What is being asked: Copy each line below exactly as it appears. Pictures are to be omitted.

Raw data:
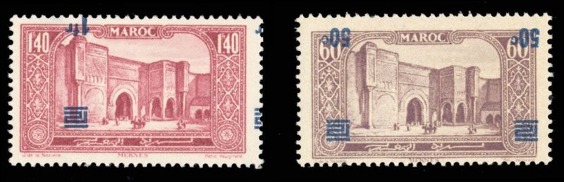 Morocco 122-123a, $300, 1931 50c and 1fr surcharges inverted, lightly hinged
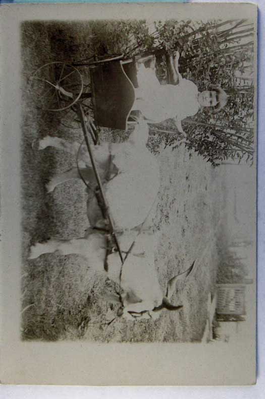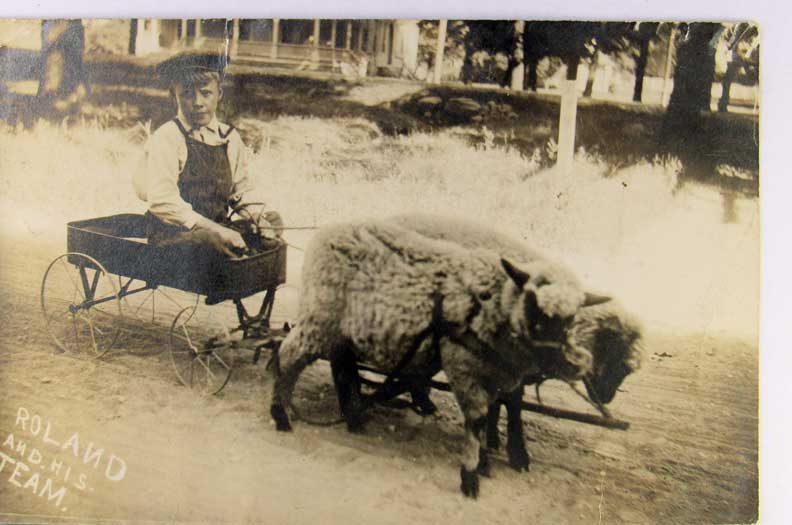 Lot #1476. View Larger | Rotate Sheep-Drawn Newspaper Delivery Wagon w/ Disabled Boy, Real Photo, Used Fenton, Michigan 1910 m cor cr Near F-VF
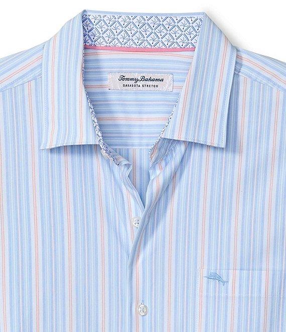 From Tommy Bahama, this t-shirt features: Vertical stripe pattern Hidden button-down collar Long sleeves Button-front full closure Patch pocket on left side of chest Shirttail hem Quick drying Moisture-wicking Stretch fabric Cotton/COOLMAX® EcoMade polyester/Lycra® spandex Machine wash/tumble dry Imported.

Written answer:
 Morocco 122-123a, $300, 1931 50c and 1fr surcharges inverted, lightly hinged
 Lot #1476. View Larger | Rotate Sheep-Drawn Newspaper Delivery Wagon w/ Disabled Boy, Real Photo, Used Fenton, Michigan 1910 m cor cr Near F-VF
 From Tommy Bahama, this t-shirt features: Vertical stripe pattern Hidden button-down collar Long sleeves Button-front full closure Patch pocket on left side of chest Shirttail hem Quick drying Moisture-wicking Stretch fabric Cotton/COOLMAX® EcoMade polyester/Lycra® spandex Machine wash/tumble dry Imported.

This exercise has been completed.